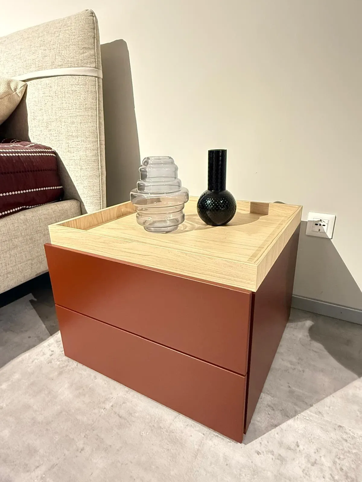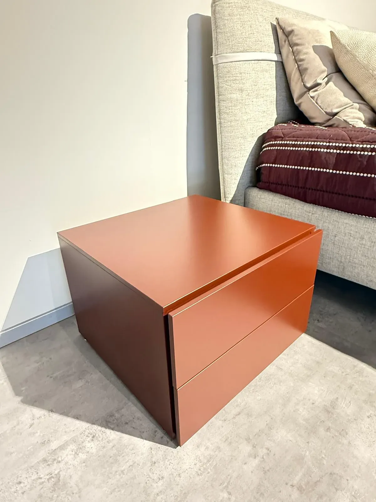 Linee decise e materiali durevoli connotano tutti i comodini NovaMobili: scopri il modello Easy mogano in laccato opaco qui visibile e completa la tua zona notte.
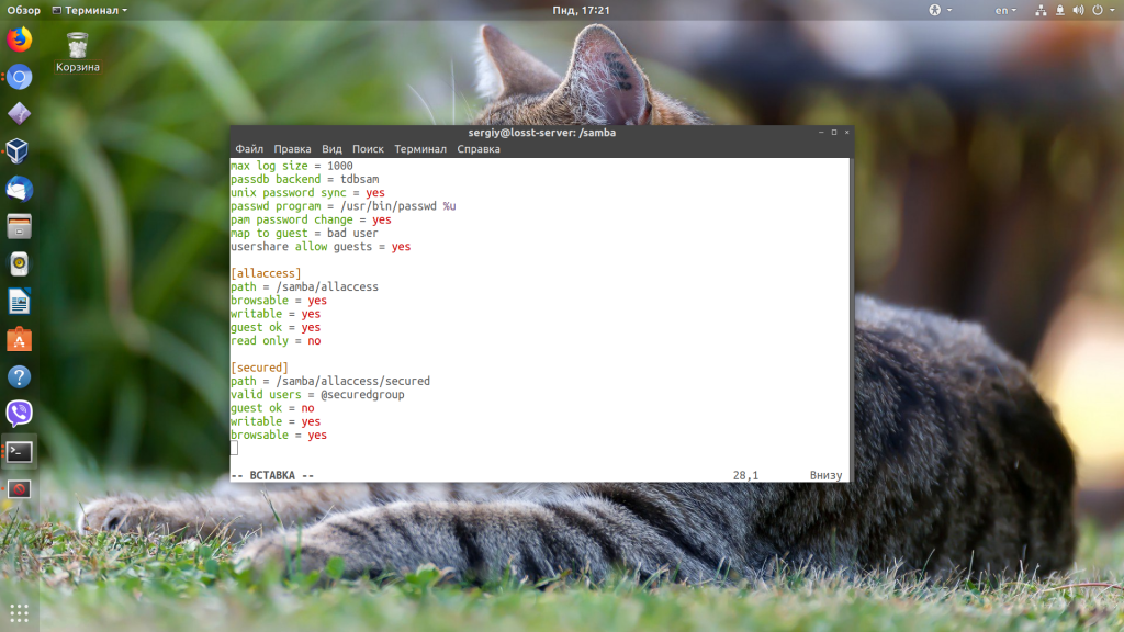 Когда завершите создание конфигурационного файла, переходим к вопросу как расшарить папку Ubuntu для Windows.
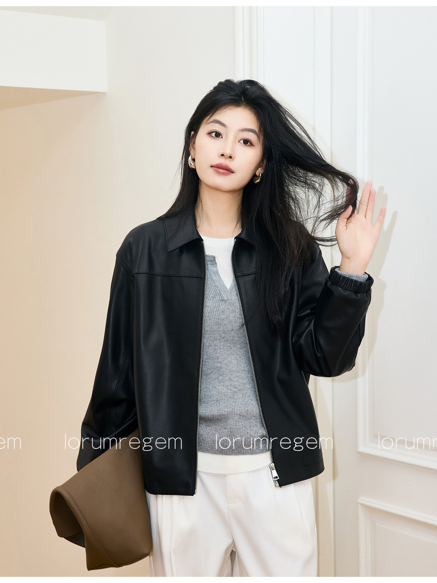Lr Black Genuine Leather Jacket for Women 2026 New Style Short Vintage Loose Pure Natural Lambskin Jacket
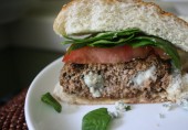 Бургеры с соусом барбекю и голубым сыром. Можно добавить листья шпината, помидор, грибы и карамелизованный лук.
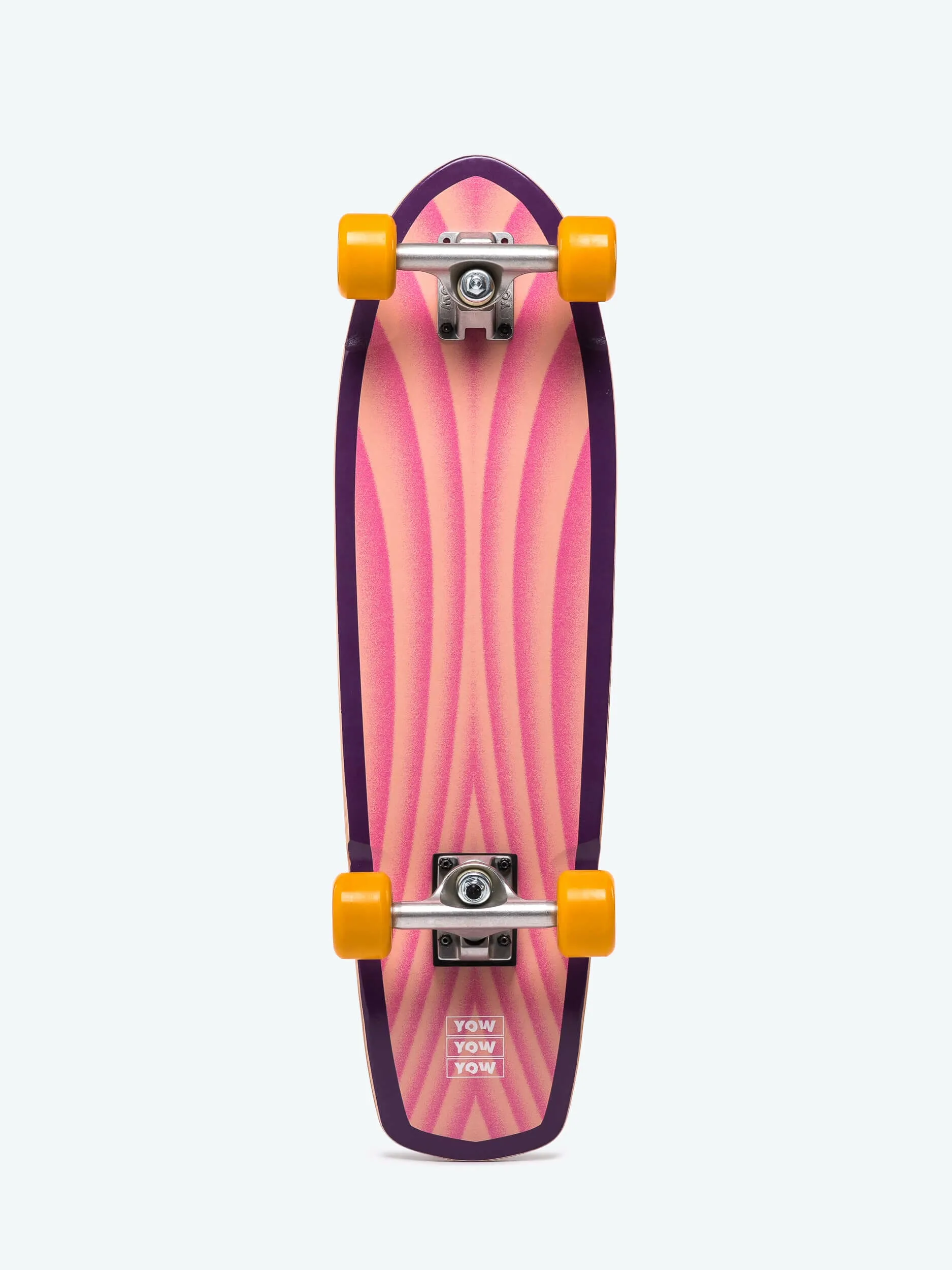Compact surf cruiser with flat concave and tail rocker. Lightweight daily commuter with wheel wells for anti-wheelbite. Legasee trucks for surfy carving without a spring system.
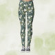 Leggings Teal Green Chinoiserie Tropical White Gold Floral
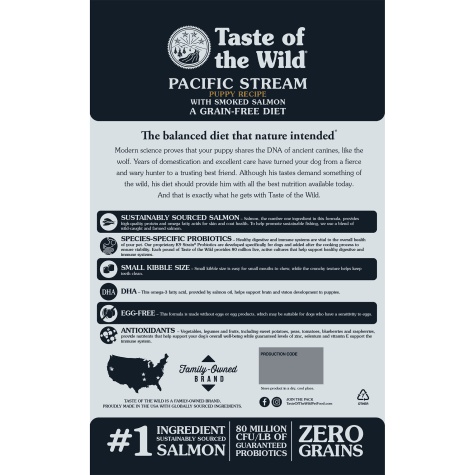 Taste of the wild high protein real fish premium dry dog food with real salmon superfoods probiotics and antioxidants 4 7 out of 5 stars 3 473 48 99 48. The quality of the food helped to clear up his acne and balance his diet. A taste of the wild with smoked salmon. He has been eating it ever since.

○ ○ ○

After locating the line containing "Lr Black Genuine" in the entries above, return it and every line after it exactly, ending at the line containing "Бургеры с соусом", without pictures.

Lr Black Genuine Leather Jacket for Women 2026 New Style Short Vintage Loose Pure Natural Lambskin Jacket
 Бургеры с соусом барбекю и голубым сыром. Можно добавить листья шпината, помидор, грибы и карамелизованный лук.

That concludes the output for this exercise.